• Supplied data:
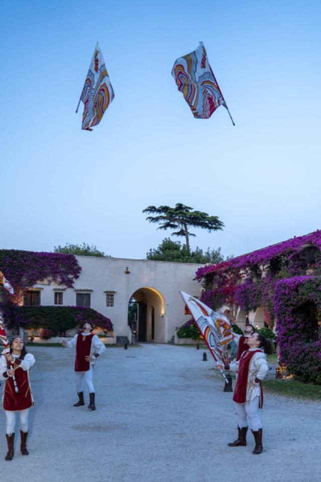 Sbandieratori con lo stendardo del casato accoglievano gli ospiti da ogni dove. Torre Sanseverino é magnifica mentre una palla di fuoco si tuffa a mare nel golfo di Baia. Anfitrione della sua dimora storica Enrico Micillo. E’ la festa a sorpresa per Nicoletta Piergentili, penalista fuoriclasse. Festa rimandata dal 23 maggio, giorno dell’ultima partita del Napoli, scudetto vinto per un soffio. Ha creato l’attesa della suspence. Party riuscitissimo davanti a una cascata d’acqua ( virtuale ma sembra vera),
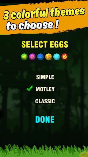 Get a high score by surviving as long as you can (endless if possible). Eggs move down continuously from slow to faster and then crazy faster. Some time new eggs is drop down, if you miss hit it. New egg is generated after that. There are a lot of bonus types (multiple 2,3,4 times) help you to get best score. You can get bonus score too when hit vibrating eggs.
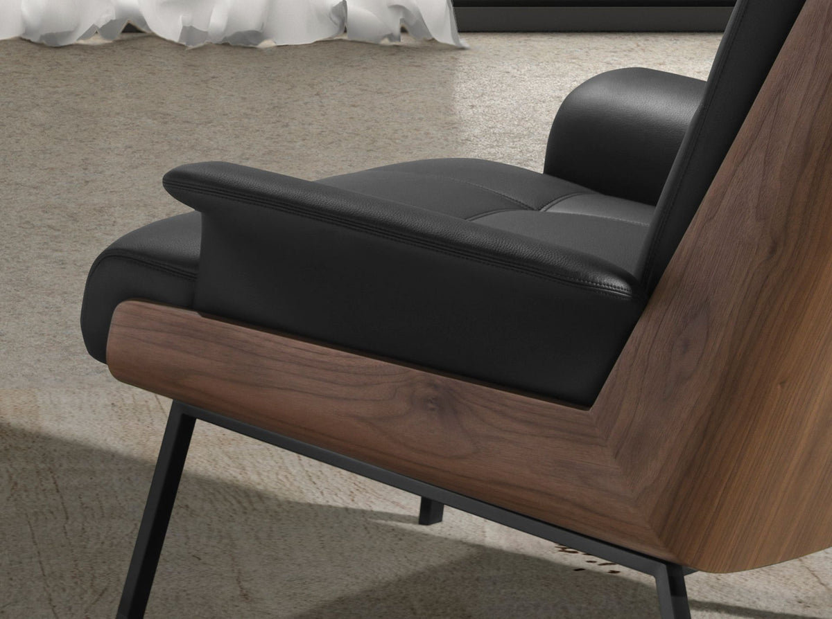Armchair with modern design armrestswith seat and backrest upholstered inblack leatherette. Both for itsnatural walnut veneered wooddetails and itsblack stainless steel legs, this armchair is the perfect combination between design and comfort.
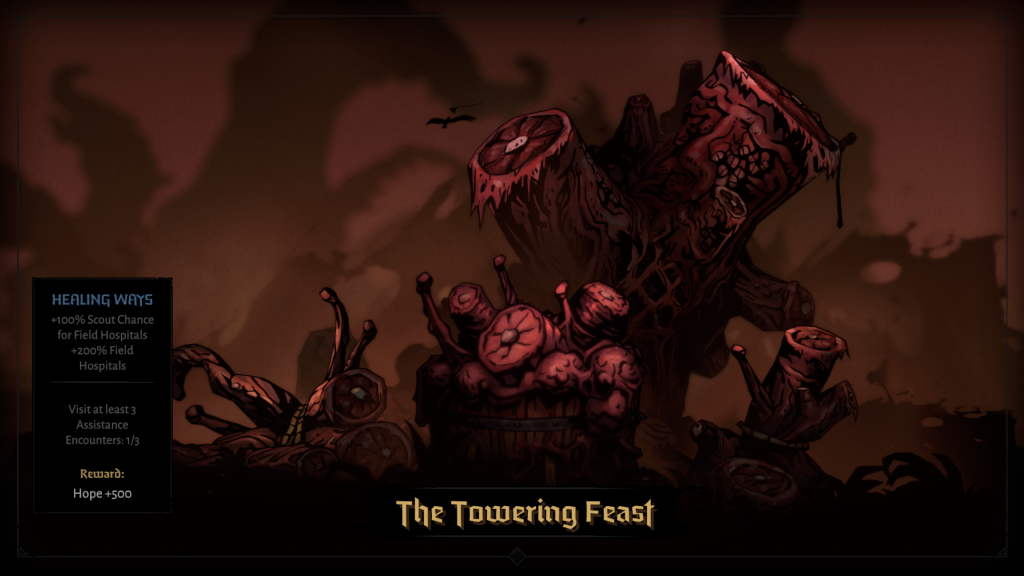 The way this works is that you can come across a Shrine of Heroism location in any possible node in any biome you’re wandering through, same as any other kind of location. If you roll a Shrine, instead of a room fight or a merchant or a relationship choice, you’ll be presented with the opportunity to see one of the five segments that defines every character’s backstory. Generally speaking, three of these segments are very simple: the Academic relates a portion of the character’s sad, benighted past, and you click the Continue button. Two out of the five times, though, you’ll be thrown into a flashback “fight” that will have boutique goals and enemies and only operate remotely on the same logic as the rest of the game’s combats. Sometimes it’s tedious but an amusing high concept, like the Jester fight that’s actually a musical duel with your mentor. Sometimes it’s tedious but tasteless, like the domestic violence minigame in the Grave Robber’s backstory progression. Most of the time, though, it’s just tedious, like the first time you have a flashback with the Runaway, the great new character class that’s been added to the game:
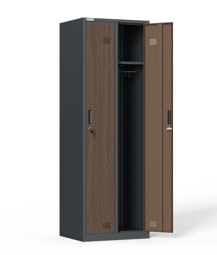 Šatníková DEMONTOVANÁ skrinka kovová, výška 1800 x šírka 600 x hĺbka 500 mm. Uzamykanie cylindrickým zámkom s dvoma kľúčmi. Povrchová úprava práškovou farbou antracit RAL 7016/imitácia tmavé drevo.
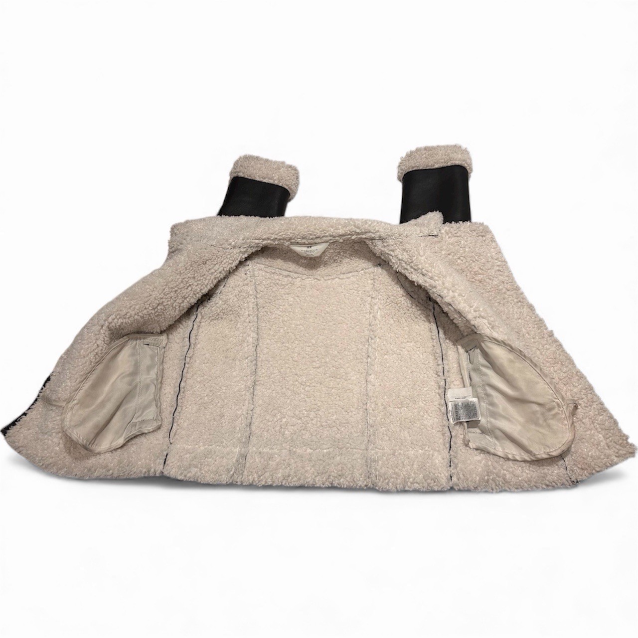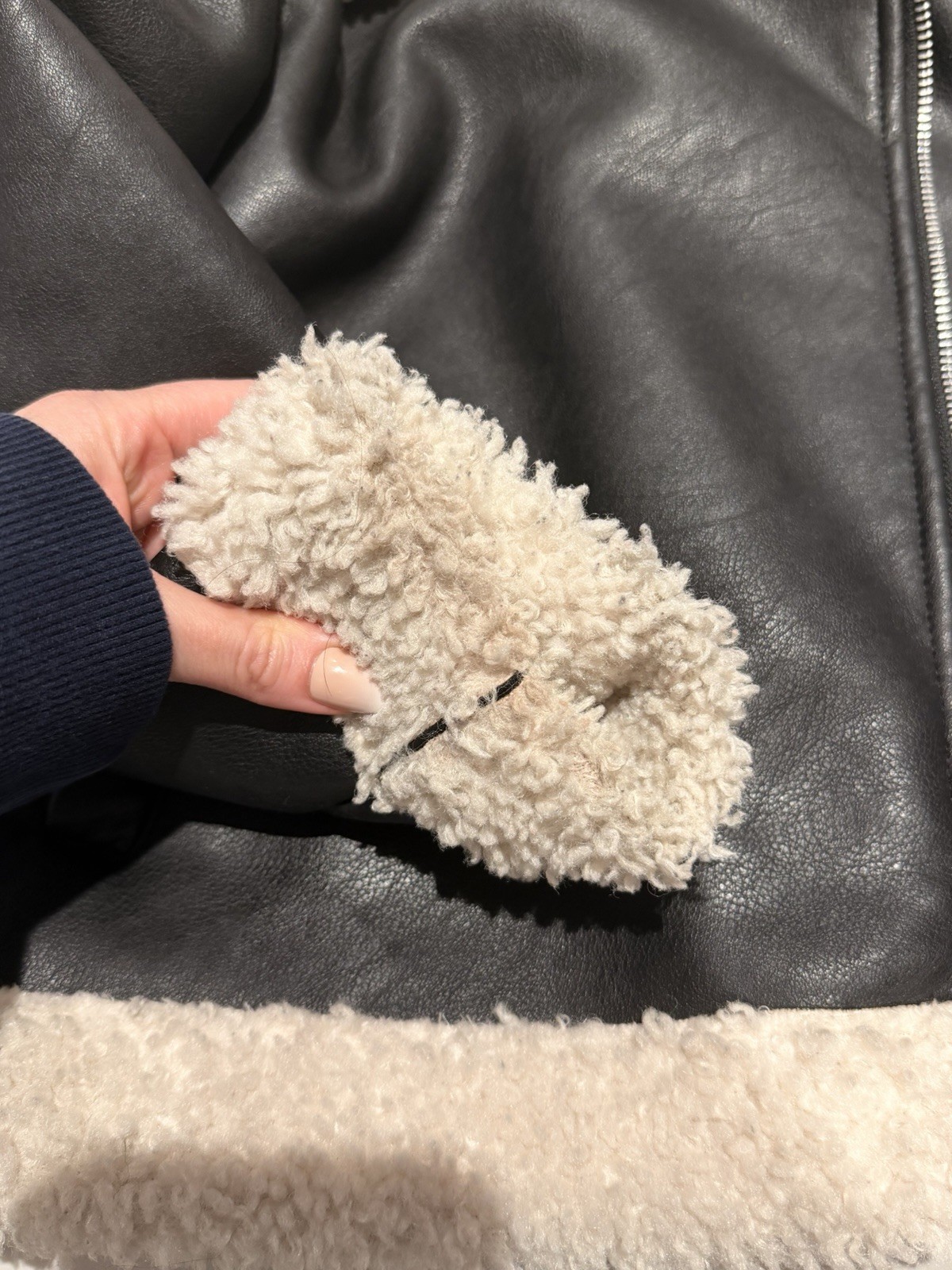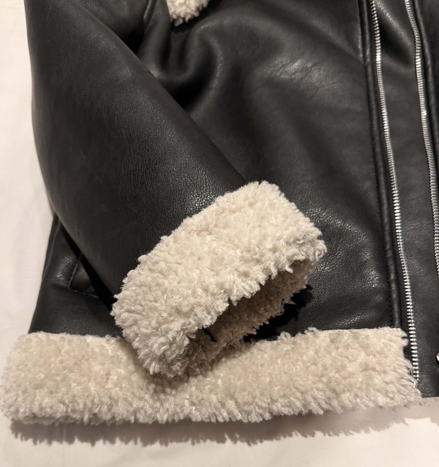 как выглядит VGUC H M Faux Leather Jacket, Black With Faux Wool Trim, Kids Size 6X-7, Unisex фото
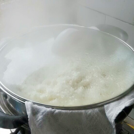 2. 粘米,也就是日常吃的大米就行。这里补充一下,因为是第一次做,所以经验不足。个人觉得米按比例混匀,淘洗后泡两小时,沥干后打碎,入锅蒸,会比较好熟哦 |
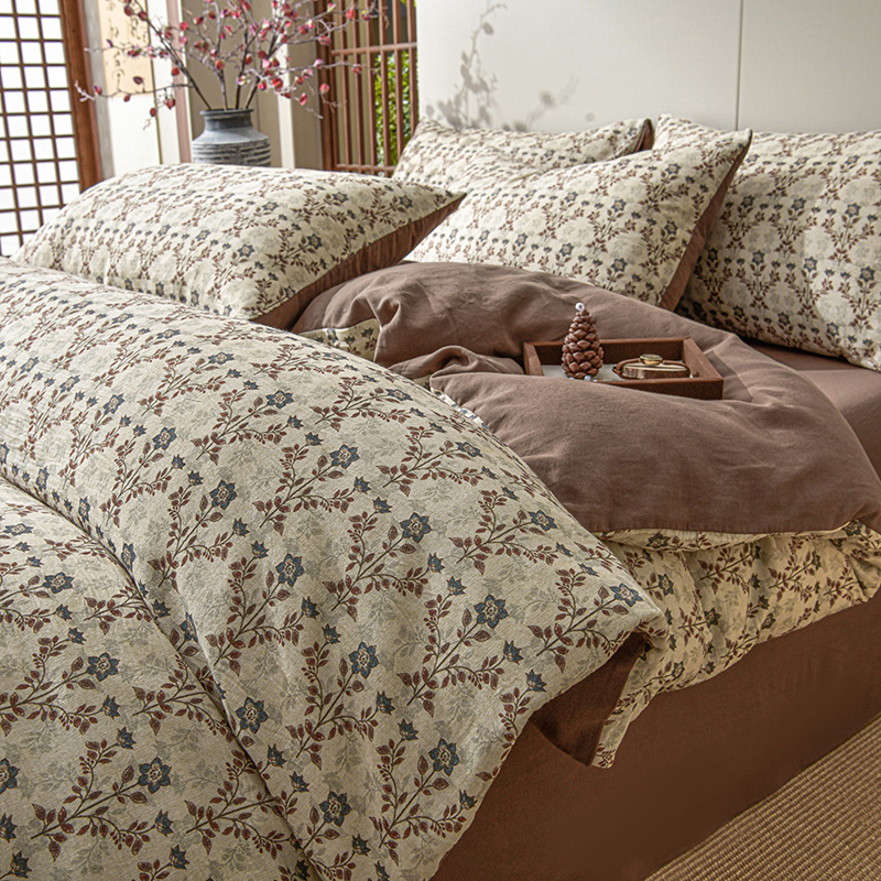 绘萱家居 2026新款纯棉+麻棉麻全棉印花四件套 枝蔓轻语
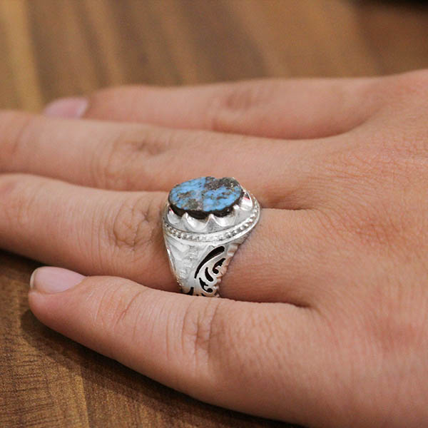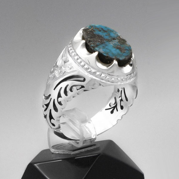 انگشتر فیروزه نیشابوری نقره دست ساز مردانه طرح فاخر عرفان
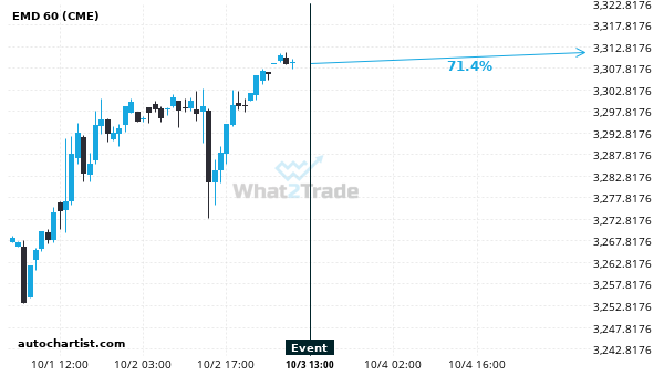 We expect EMD to trend upwards today with a 71.43% chance.
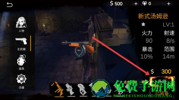 3、点击右侧商店进入武器界面,花费300金币点击新式汤姆逊的升级按钮,提升武器属性增强战斗能力。
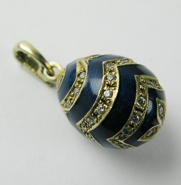 Æggeformet vedhæng af forgyldt sterling sølv, dekoreret med kongeblå emaille samt talrige brillantslebne sten. L. 28 mm., samlet vægt ca. 5,5 gr.
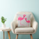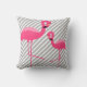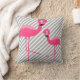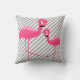 BLACK BRIGHT PINK FLAMINGO White Grey Stripe Cushion

• What the exercise asks:
Would you output the data exactly, without any of its images?

• Written solution:
 Sbandieratori con lo stendardo del casato accoglievano gli ospiti da ogni dove. Torre Sanseverino é magnifica mentre una palla di fuoco si tuffa a mare nel golfo di Baia. Anfitrione della sua dimora storica Enrico Micillo. E’ la festa a sorpresa per Nicoletta Piergentili, penalista fuoriclasse. Festa rimandata dal 23 maggio, giorno dell’ultima partita del Napoli, scudetto vinto per un soffio. Ha creato l’attesa della suspence. Party riuscitissimo davanti a una cascata d’acqua ( virtuale ma sembra vera),
 Get a high score by surviving as long as you can (endless if possible). Eggs move down continuously from slow to faster and then crazy faster. Some time new eggs is drop down, if you miss hit it. New egg is generated after that. There are a lot of bonus types (multiple 2,3,4 times) help you to get best score. You can get bonus score too when hit vibrating eggs.
Armchair with modern design armrestswith seat and backrest upholstered inblack leatherette. Both for itsnatural walnut veneered wooddetails and itsblack stainless steel legs, this armchair is the perfect combination between design and comfort.
 The way this works is that you can come across a Shrine of Heroism location in any possible node in any biome you’re wandering through, same as any other kind of location. If you roll a Shrine, instead of a room fight or a merchant or a relationship choice, you’ll be presented with the opportunity to see one of the five segments that defines every character’s backstory. Generally speaking, three of these segments are very simple: the Academic relates a portion of the character’s sad, benighted past, and you click the Continue button. Two out of the five times, though, you’ll be thrown into a flashback “fight” that will have boutique goals and enemies and only operate remotely on the same logic as the rest of the game’s combats. Sometimes it’s tedious but an amusing high concept, like the Jester fight that’s actually a musical duel with your mentor. Sometimes it’s tedious but tasteless, like the domestic violence minigame in the Grave Robber’s backstory progression. Most of the time, though, it’s just tedious, like the first time you have a flashback with the Runaway, the great new character class that’s been added to the game:
 Šatníková DEMONTOVANÁ skrinka kovová, výška 1800 x šírka 600 x hĺbka 500 mm. Uzamykanie cylindrickým zámkom s dvoma kľúčmi. Povrchová úprava práškovou farbou antracit RAL 7016/imitácia tmavé drevo.
 как выглядит VGUC H M Faux Leather Jacket, Black With Faux Wool Trim, Kids Size 6X-7, Unisex фото
 2. 粘米,也就是日常吃的大米就行。这里补充一下,因为是第一次做,所以经验不足。个人觉得米按比例混匀,淘洗后泡两小时,沥干后打碎,入锅蒸,会比较好熟哦 |
 绘萱家居 2026新款纯棉+麻棉麻全棉印花四件套 枝蔓轻语
 انگشتر فیروزه نیشابوری نقره دست ساز مردانه طرح فاخر عرفان
 We expect EMD to trend upwards today with a 71.43% chance.
 3、点击右侧商店进入武器界面,花费300金币点击新式汤姆逊的升级按钮,提升武器属性增强战斗能力。
 Æggeformet vedhæng af forgyldt sterling sølv, dekoreret med kongeblå emaille samt talrige brillantslebne sten. L. 28 mm., samlet vægt ca. 5,5 gr.
 BLACK BRIGHT PINK FLAMINGO White Grey Stripe Cushion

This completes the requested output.